[Opening ENTRIES SUPPLIED section]
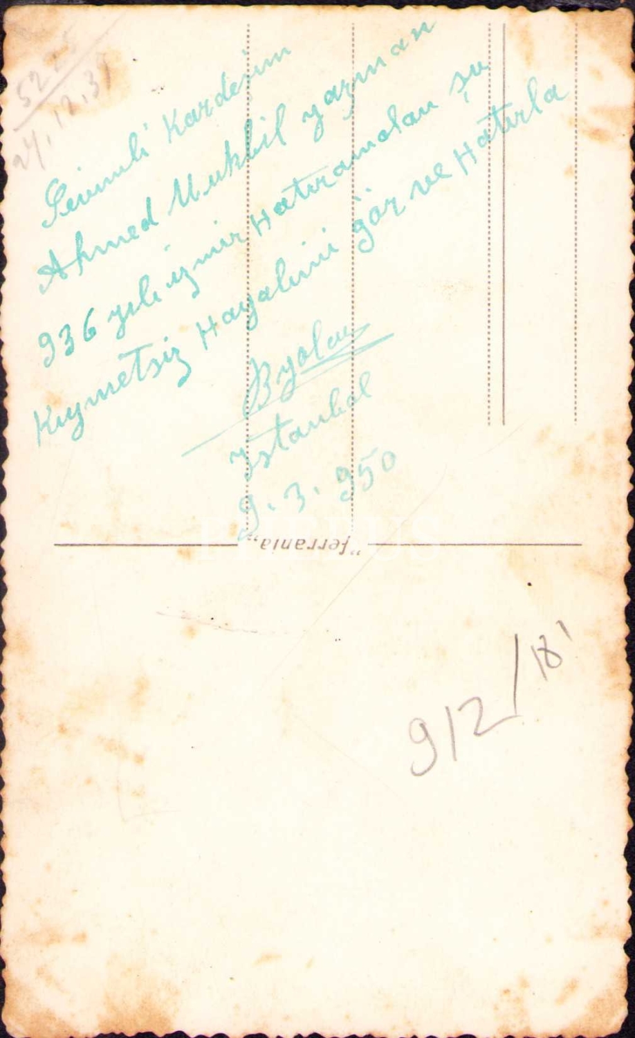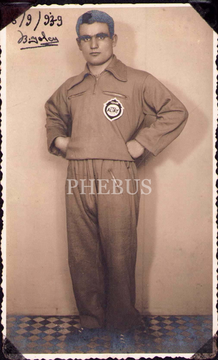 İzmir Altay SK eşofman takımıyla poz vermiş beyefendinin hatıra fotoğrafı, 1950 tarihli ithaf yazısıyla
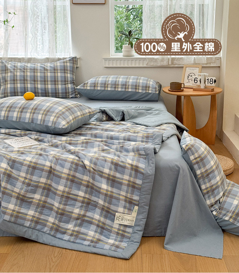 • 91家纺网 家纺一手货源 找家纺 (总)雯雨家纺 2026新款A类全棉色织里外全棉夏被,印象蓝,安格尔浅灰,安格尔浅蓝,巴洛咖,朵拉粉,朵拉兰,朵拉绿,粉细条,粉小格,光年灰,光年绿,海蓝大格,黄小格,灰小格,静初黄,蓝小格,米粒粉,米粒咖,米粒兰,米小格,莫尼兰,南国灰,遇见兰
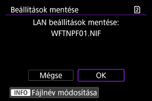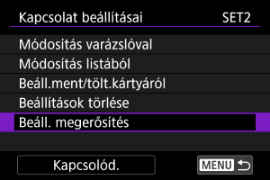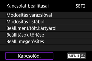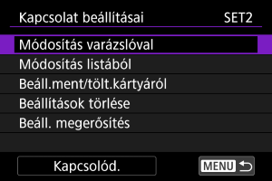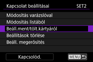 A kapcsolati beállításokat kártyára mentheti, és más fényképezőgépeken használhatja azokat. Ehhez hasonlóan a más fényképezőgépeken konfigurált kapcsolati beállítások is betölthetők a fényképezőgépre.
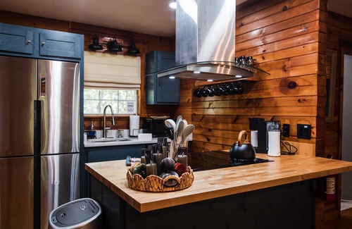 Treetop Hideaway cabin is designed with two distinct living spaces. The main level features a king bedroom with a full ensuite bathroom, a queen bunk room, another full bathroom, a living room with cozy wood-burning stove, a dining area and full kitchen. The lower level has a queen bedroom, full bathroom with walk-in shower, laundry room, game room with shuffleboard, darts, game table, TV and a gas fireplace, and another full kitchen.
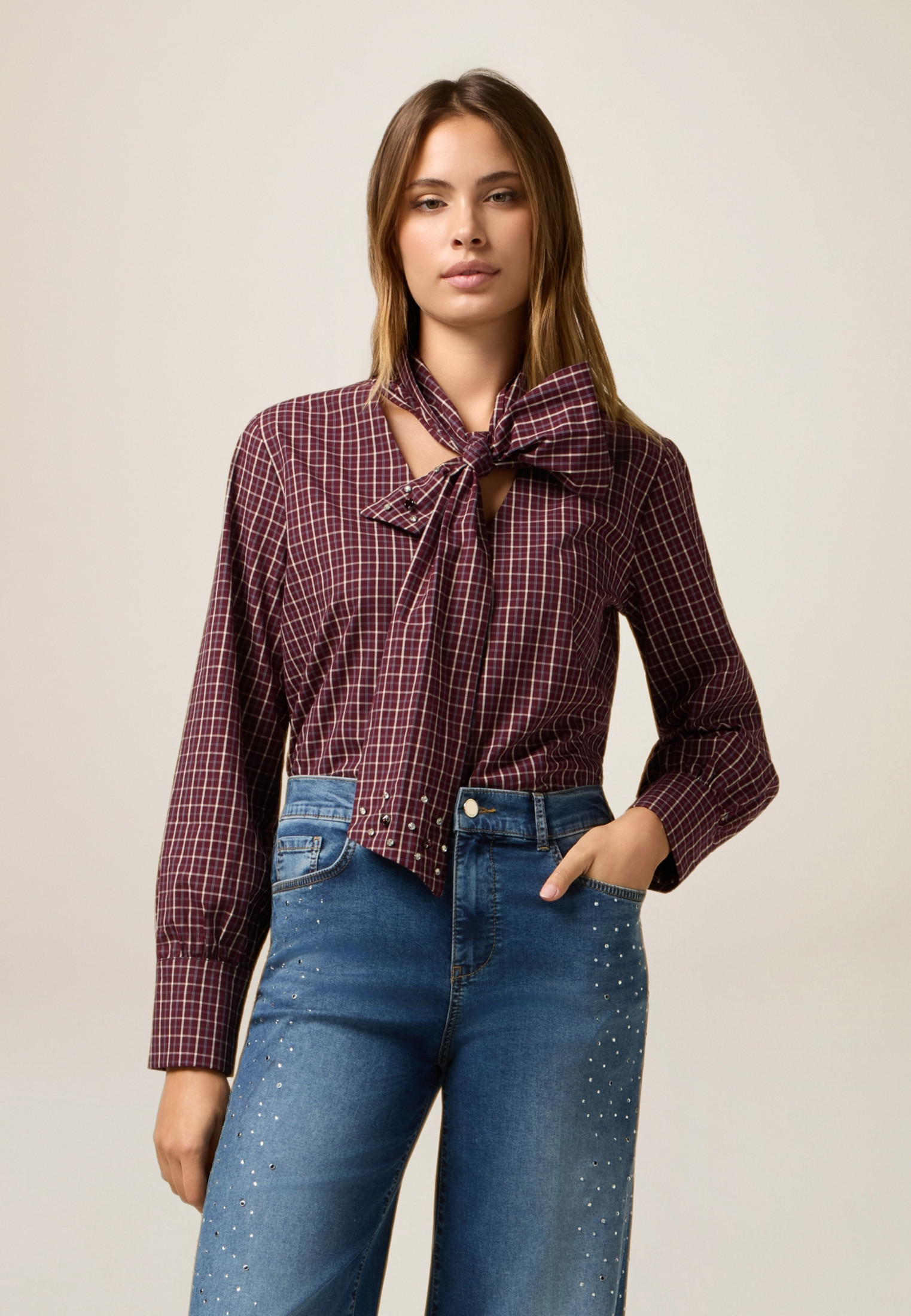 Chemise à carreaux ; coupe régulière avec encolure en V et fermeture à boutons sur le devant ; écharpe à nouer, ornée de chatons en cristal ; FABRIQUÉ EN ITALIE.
[Closing ENTRIES SUPPLIED section]
[Opening ENTRIES SUPPLIED section]
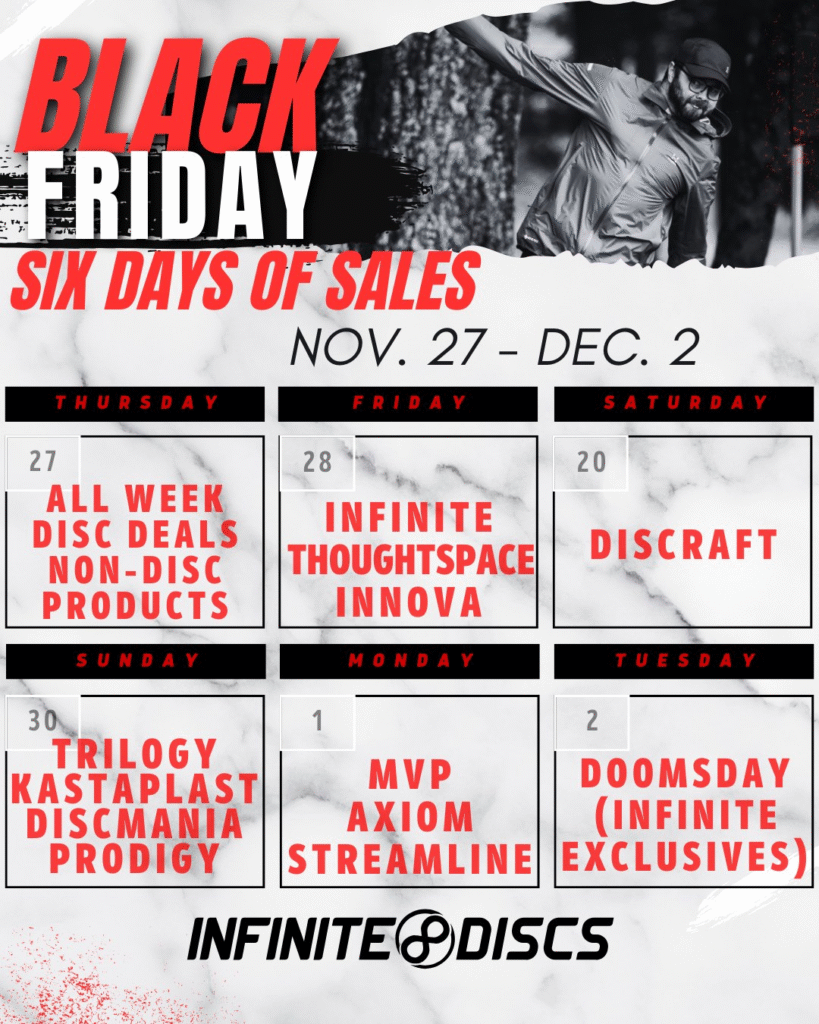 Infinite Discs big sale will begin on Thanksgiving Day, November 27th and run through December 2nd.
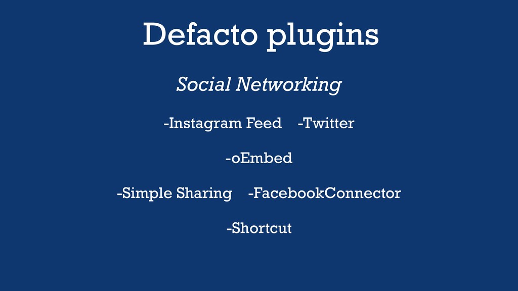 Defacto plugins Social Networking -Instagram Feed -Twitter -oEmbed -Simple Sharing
[Closing ENTRIES SUPPLIED section]
◆ **YOUR ASSIGNMENT**: From the line holding "A kapcsolati beállításokat" to the line holding "Chemise à carreaux", both included, retype the entries above exactly and drop the pictures.

◆ **RESULT OF THE TASK**:
 A kapcsolati beállításokat kártyára mentheti, és más fényképezőgépeken használhatja azokat. Ehhez hasonlóan a más fényképezőgépeken konfigurált kapcsolati beállítások is betölthetők a fényképezőgépre.
 Treetop Hideaway cabin is designed with two distinct living spaces. The main level features a king bedroom with a full ensuite bathroom, a queen bunk room, another full bathroom, a living room with cozy wood-burning stove, a dining area and full kitchen. The lower level has a queen bedroom, full bathroom with walk-in shower, laundry room, game room with shuffleboard, darts, game table, TV and a gas fireplace, and another full kitchen.
 Chemise à carreaux ; coupe régulière avec encolure en V et fermeture à boutons sur le devant ; écharpe à nouer, ornée de chatons en cristal ; FABRIQUÉ EN ITALIE.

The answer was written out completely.